Астамир вовремя понял, как ему вести себя. В задней части салона по бокам стояли какие-то большие белые баки. Незаметно отступив туда, в полную темноту, он спрятался за один из них. Из салона вышли все, кроме одного худосочного молодого офицера. Этот стоял и озирался. Потом кто-то вошел и приказал офицеру выйти, а сам склонился над отцом. Астамир высунулся побольше, чтобы рассмотреть человека, но видел только спину. Однако голос узнал сразу, как только начался разговор.
Это был полковник Раскатов...
* * *
Астамир слышал почти весь разговор отца с полковником. Только в конце, когда завели винты, пришлось напрягать слух, но все равно услышать удалось не все. Потом полковник вышел, и Астамир думал уже, что отец будет в салоне один, но туда взобрался тот самый офицер спецназа, что уносил отца со склона в санчасть, и с ним два солдата. Они уселись на откидных сиденьях.
Говоря честно, только перед взлетом Астамир осознал положение, в которое он сам себя поставил. Он оказался здесь, в замкнутом пространстве, один против офицера и двух солдат спецназа да плюс к тому же трех вертолетчиков. И обнаружить его могли в любую минуту, стоило кому-то сделать два шага в хвостовую часть. Но это не сильно беспокоило Астамира.
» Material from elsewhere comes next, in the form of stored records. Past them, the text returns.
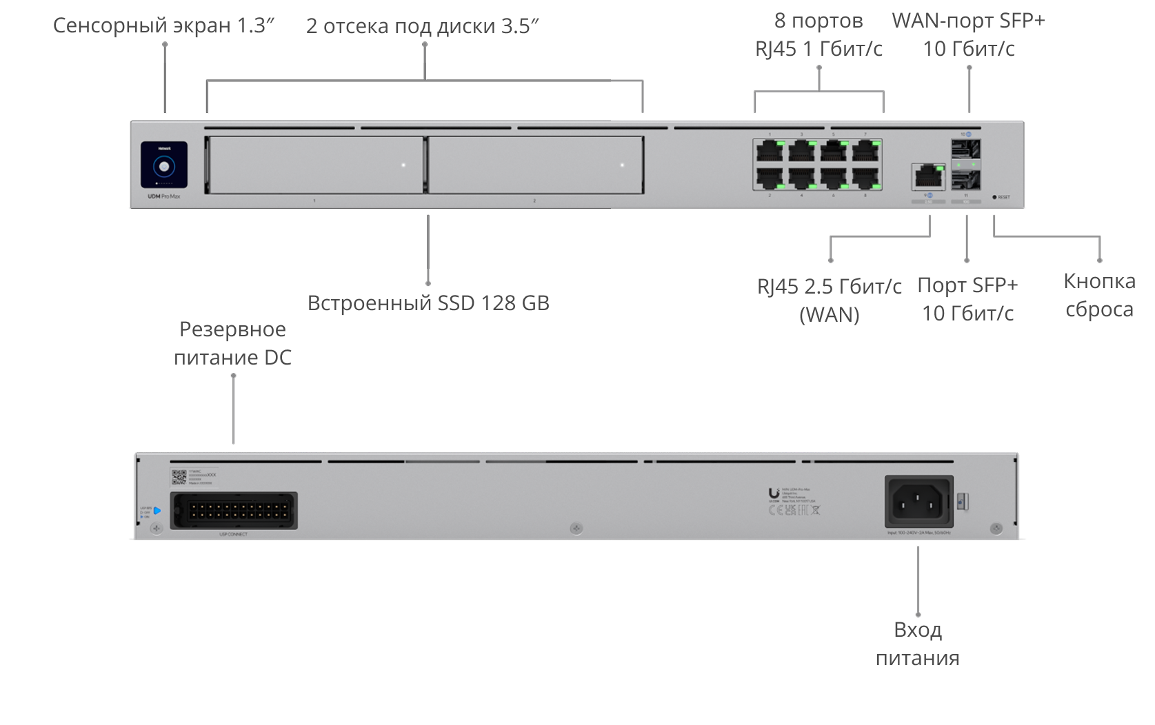 - Встроенный контроллер: UniFi Network, UniFi Protect, UniFi Access, UniFi Talk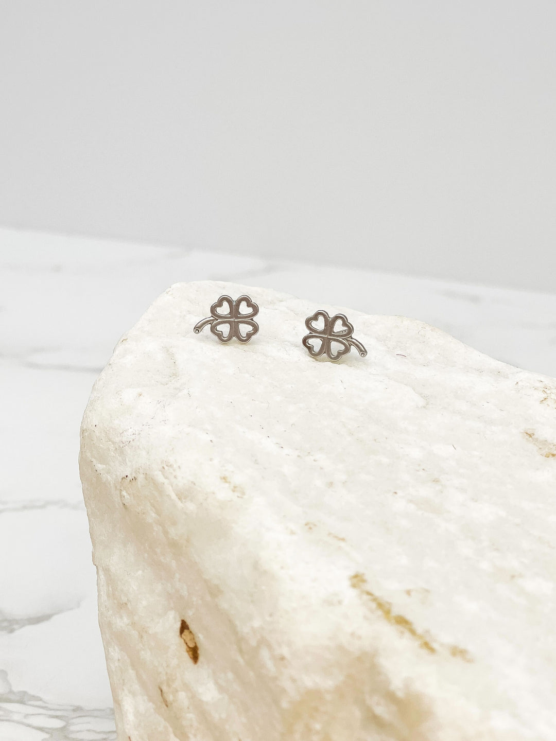 Open Heart Clover Stud Earrings - Silver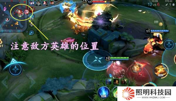 另外,分析戰局也很重要,上圖是后期在中路發生的一波團戰,己方的鏡、不知火舞、廉頗全是殘血,只有黃忠和敵方的典韋是滿血。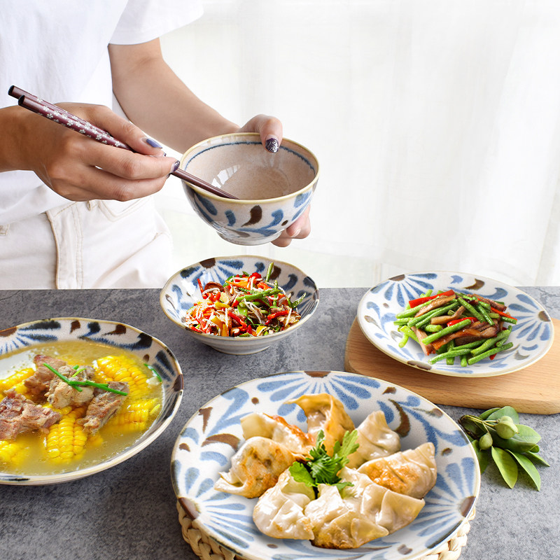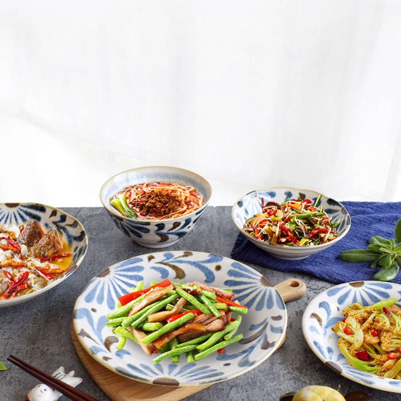 Okinawa Flowers Japan Imported Meinesco glazed under Glaze Dish Soup Bowl of Bubble Noodles Bowl ceramic dishes Home Japanese style cutlery dishes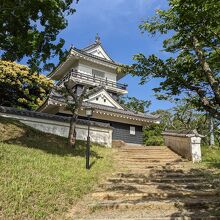 駐車場から天守までは600メートルほど離れており、山を登って行く必要があります。舗装された道ですので登山というほどではないです。頂上にコンクリート製の天守があります。入場無料です。眺めはとても良く、房総の山々がきれいに見えます。途中曲輪などの遺構も残っており道中も飽きません。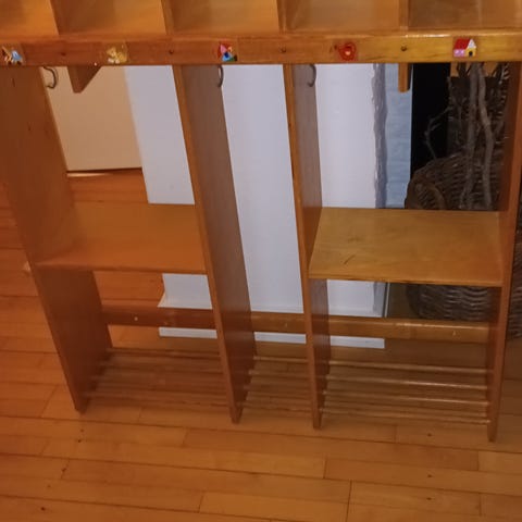 Børnegarderobe entrémøbel med flere opdelte rum til overtøj og sko. Møblet har integreret bænk i bunden, hylder og stænger til ophæng samt kroge til jakker. Den åbne konstruktion gør det let for børn at nå både siddeplads og opbevaringsplads. Velegnet til entré, gang eller institution, hvor der er behov for organiseret opbevaring af børns tøj og fodtøj.

Во-первых, он был рядом с отцом, и уже одно это успокаивало, во-вторых, гораздо больше волновало Астамира другое – сам полет. Он в свои годы много повоевал, сам много крови пролил и был несколько раз легко ранен. Он считал, что нет на свете вещи, которая испугает его. Но сейчас только он понял, что такое бояться... Да, он боялся... Он боялся – полета...
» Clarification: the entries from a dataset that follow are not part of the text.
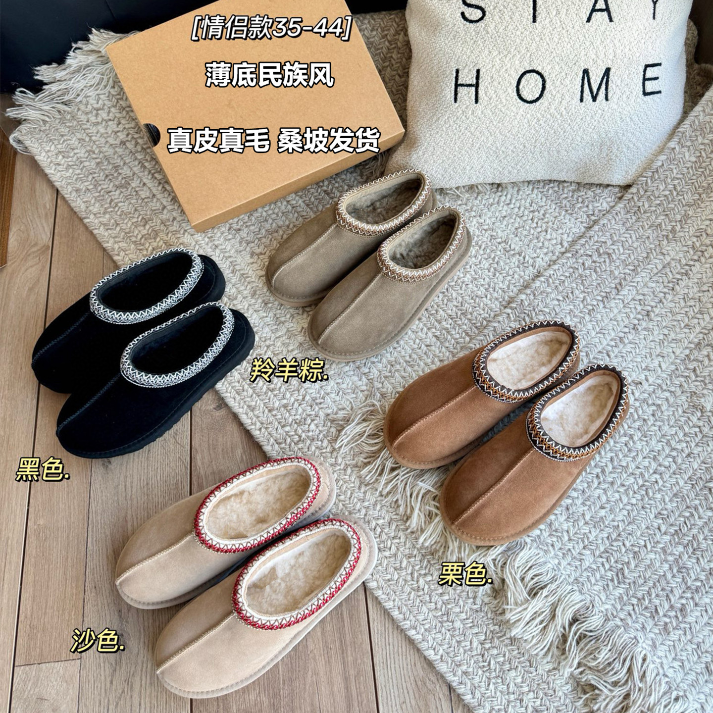 UGG女拖鞋冬休闲鞋羊毛保暖翻毛皮编织花边缝线 TASMAN 5955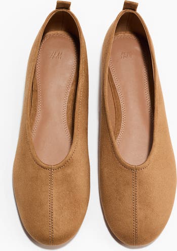 Ballet pumps with a soft, napped finish featuring rounded toes, a visible seam at the front and a loop at the back. Jersey linings.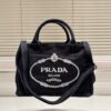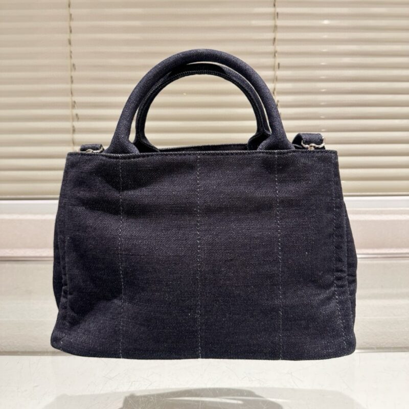 Prada Logo Printed Denim Tote Bag Black 26Cm / 10.2 inches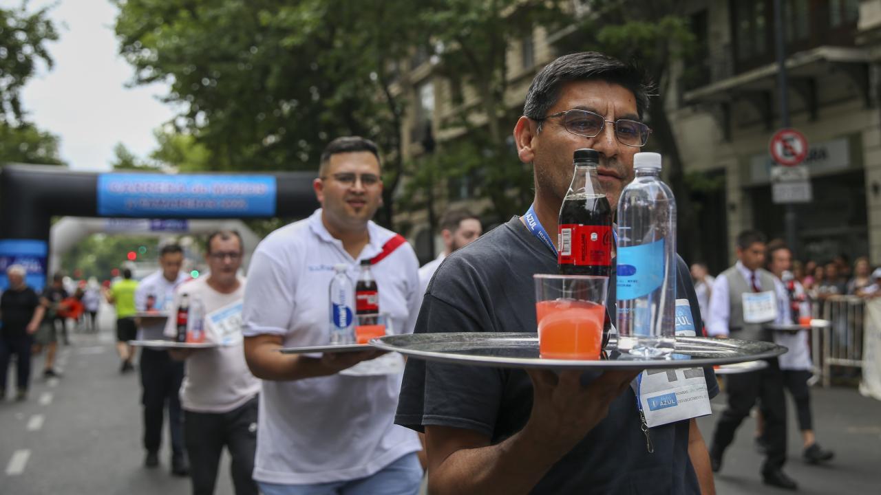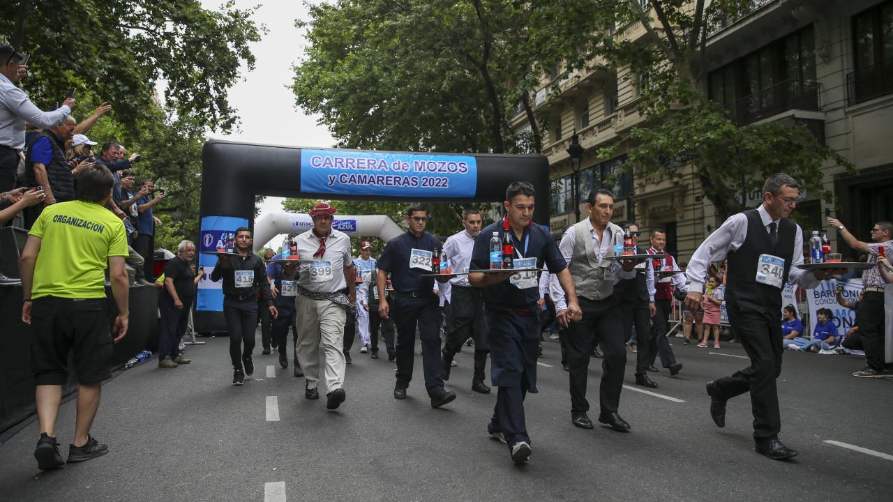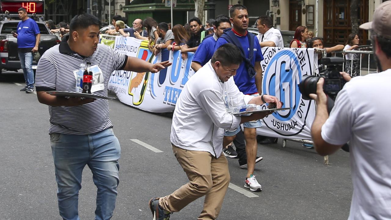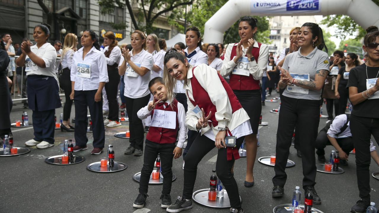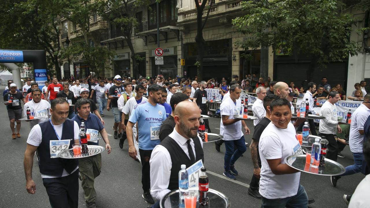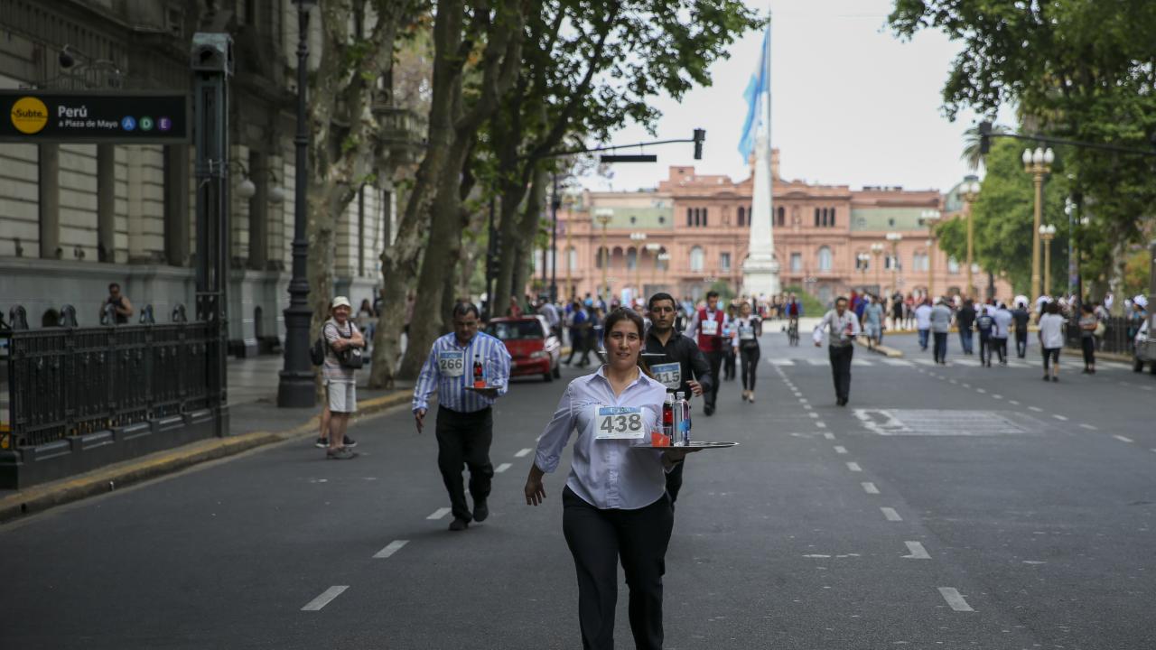 Arjantin'in başkenti Buenos Aires'te garsonlar, ellerinde tepsileriyle en hızlı çalışan olmak için ter döktü.

Вертолет весь вибрировал, дрожал, и казалось невероятным, что такая махина может взять и полететь и людей понести. Да она в воздухе от одной вибрации развалиться должна... Астамир сам слегка дрожал и отдавал себе отчет, что его дрожь нервного характера. Он все ждал и ждал, когда вертолет взлетит, и что непременно произойдет нечто неприятное, но потом вдруг машину завалило набок так, что Астамир чуть не вывалился из своего укрытия. И только тогда он понял, что они давно уже летят и ничего страшного не происходит...
Так летели долго, минут двадцать... И ощущение страха начало притупляться... Оно почти исчезло, когда офицер спецназа вдруг пересел на пол, поближе к отцу, и стал разговаривать с ним. Потом офицер послал одного из солдат к пилотам. Солдат вернулся с человеком в комбинезоне, присевшим по другую сторону от отца. Отец начал говорить, а офицер записывал все услышанное в тетрадь. Отца было совсем плохо слышно, а скоро голос его так ослаб, что Астамир не мог разобрать ни слова.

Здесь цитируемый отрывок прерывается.